Exercise inputs:
- Opening Delimiter -
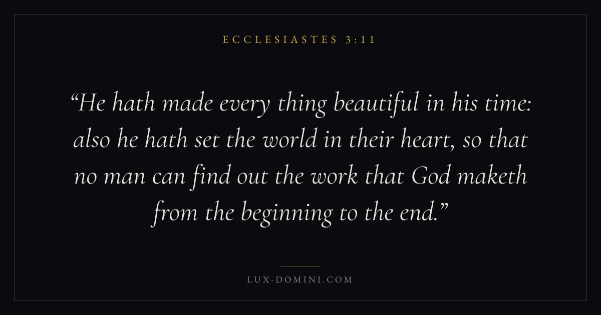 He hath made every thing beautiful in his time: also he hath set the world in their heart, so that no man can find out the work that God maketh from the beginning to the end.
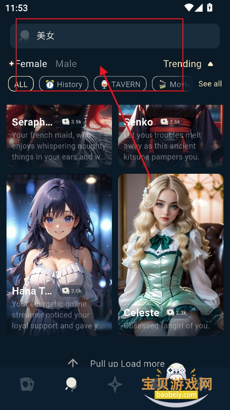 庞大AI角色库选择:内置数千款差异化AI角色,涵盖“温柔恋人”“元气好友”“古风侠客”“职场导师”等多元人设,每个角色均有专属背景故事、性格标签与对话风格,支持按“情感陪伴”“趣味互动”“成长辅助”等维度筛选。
- Closing Delimiter -
- Opening Delimiter -
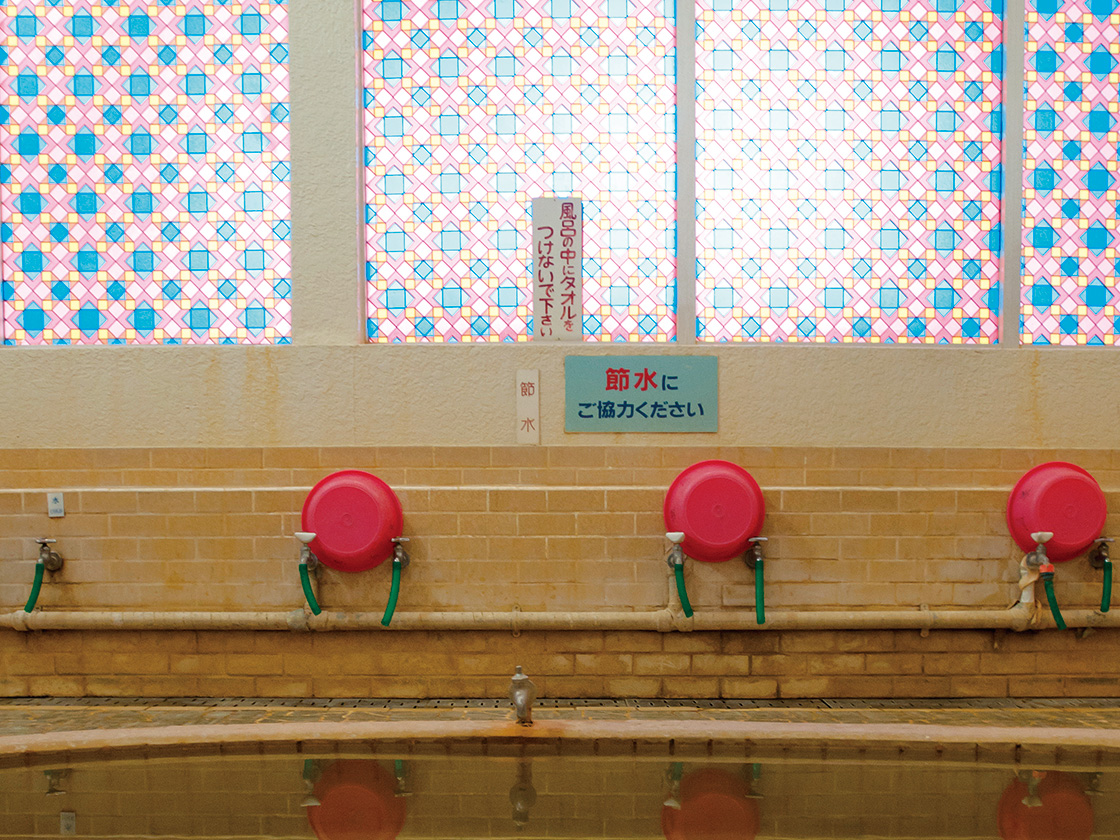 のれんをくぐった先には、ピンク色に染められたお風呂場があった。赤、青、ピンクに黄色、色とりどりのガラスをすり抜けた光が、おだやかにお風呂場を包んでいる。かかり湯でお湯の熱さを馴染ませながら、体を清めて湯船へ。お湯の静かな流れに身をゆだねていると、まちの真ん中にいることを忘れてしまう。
- Closing Delimiter -
- Opening Delimiter -
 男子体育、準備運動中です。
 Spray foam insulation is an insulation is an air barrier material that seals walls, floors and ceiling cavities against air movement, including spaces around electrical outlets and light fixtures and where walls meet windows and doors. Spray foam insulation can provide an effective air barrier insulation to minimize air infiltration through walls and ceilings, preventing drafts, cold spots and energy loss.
- Closing Delimiter -
Work item:
Could you repeat exactly the lines above from the line with "男子体育、準備運動中です。" up to and including the line with "Spray foam insulation is", and only those?

Solved exercise:
 男子体育、準備運動中です。
 Spray foam insulation is an insulation is an air barrier material that seals walls, floors and ceiling cavities against air movement, including spaces around electrical outlets and light fixtures and where walls meet windows and doors. Spray foam insulation can provide an effective air barrier insulation to minimize air infiltration through walls and ceilings, preventing drafts, cold spots and energy loss.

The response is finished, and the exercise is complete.